1,101, Paolo Espino, strikeouts: Espino was an All-Star only once last decade -- in 2010 with Double-A Akron in the Indians system -- so let this be his honor for longevity and consistency across the upper levels of the Minors. The 33-year-old right-hander was the only Minor League pitcher to reach quadruple-digits in strikeouts for the decades, and he beat that mark by 101. Espino picked up at least 100 K's in eight of his 10 seasons last decade. Of the two in which he didn't reach that milestone, one was his only Major League season of 2017, and during the other, he moved to the bullpen part time in the Rangers and Brewers systems in 2018. He finished out the decade on a stronger note, fanning 102 over 96 2/3 innings in the Nationals system last season, and he was a non-roster invitee to Washington's big league camp this spring. With a high-80s fastball and a four-pitch mix, Espino doesn't have the killer stuff to stand out on a scouting sheet, but the Panama native's ability to keep upper-level hitters off balance has kept him in baseball since 2006.

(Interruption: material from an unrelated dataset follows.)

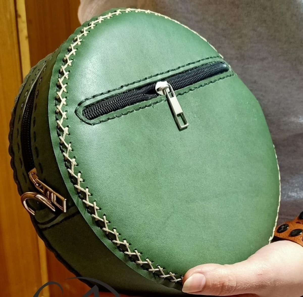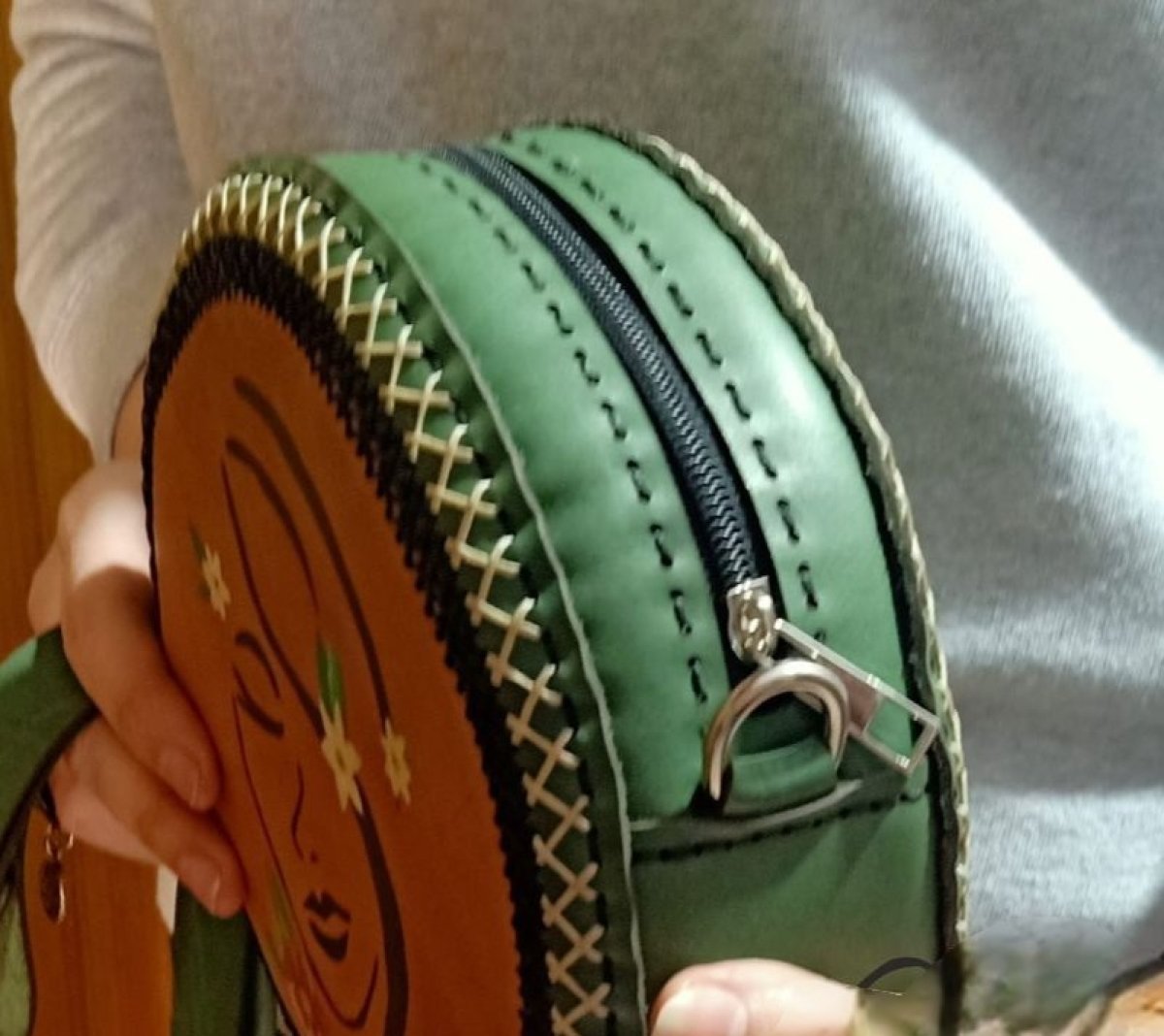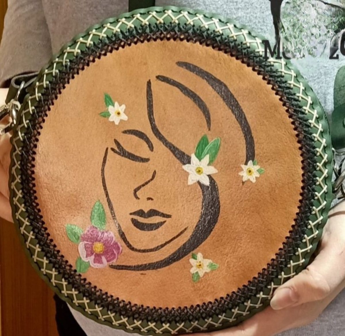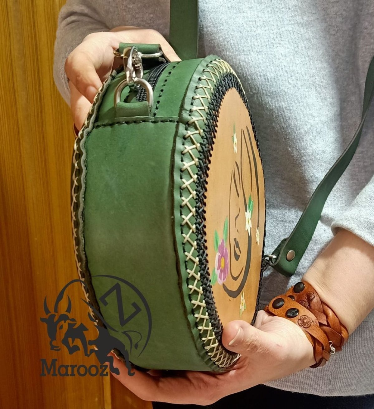 Women's crossbody bag, fully cowhide, lined with leather on the inside, diameter 22 cm, hand drawn and coloured Manual drawing and coloring technique on the skin
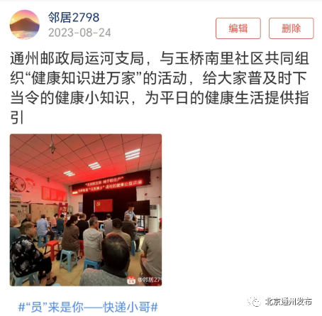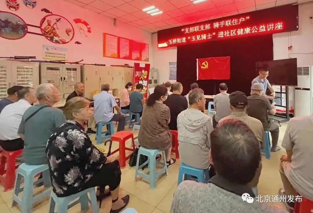 在日常接触中,“玉见骑士”反映社区许多老年人希望能多了解一些养生健康注意事项,街道新就业群体流动党支部了解到这一情况后,迅速部署,8月23日联合通州邮政局运河支局金鹰网点党支部,与玉桥南里社区共同开展“支部联支部,骑手联住户”玉桥街道“玉见骑士”进社区健康公益讲座活动。针对老年人常见疾病的发病机理、疾病预防与治疗等方面进行了详细介绍,建议老年人在生活中要合理用药、合理膳食,注意生活细节,保持身体健康,活动受到广大居民热烈欢迎。

1,204 1/3, Jake Buchanan, innings pitched: Innings eaters (and ones with histories of solid results) tend to find roles over time, and that was the case for Buchanan, who made the Majors with the Astros, Cubs and Reds and also saw time in the D-backs, A's and Nationals systems in the past decade. The 30-year-old right-hander ended up playing both starting and relieving roles over that time, but he notably topped 140 innings on six different occasions, including most recently in 2018. Buchanan didn't rack up the amount of pitch-heavy strikeouts that would limit his starts through his career, and his elite ground-ball rates only helped his value at a time when most hitters were trying to get the ball in the air. Buchanan signed with High Point in the independent Atlantic League this offseason, but not before leaving his innings-heavy mark on Minor League mounds.
4,324, Ty Kelly, plate appearances: Norfolk. Tacoma. Memphis. Buffalo. Las Vegas. Lehigh Valley. Salt Lake. That's not a Hank Snow song. It's each of the Triple-A destinations Kelly called home since he first reached the Minors' highest level in 2012. The switch-hitting utilityman played every position but catcher during his career (including pitcher on three occasions) and finished with a wRC+ above 100 in nine of his 11 seasons. That ability to feature at multiple spots while still bringing Triple-A offensive value as a switch-hitter led to a lot of calls, even if Kelly only mustered a .203/.288/.323 line over 188 plate appearances in the Majors. He retired this offseason but is expected to be a part of Team Israel's Olympic team in Tokyo next summer.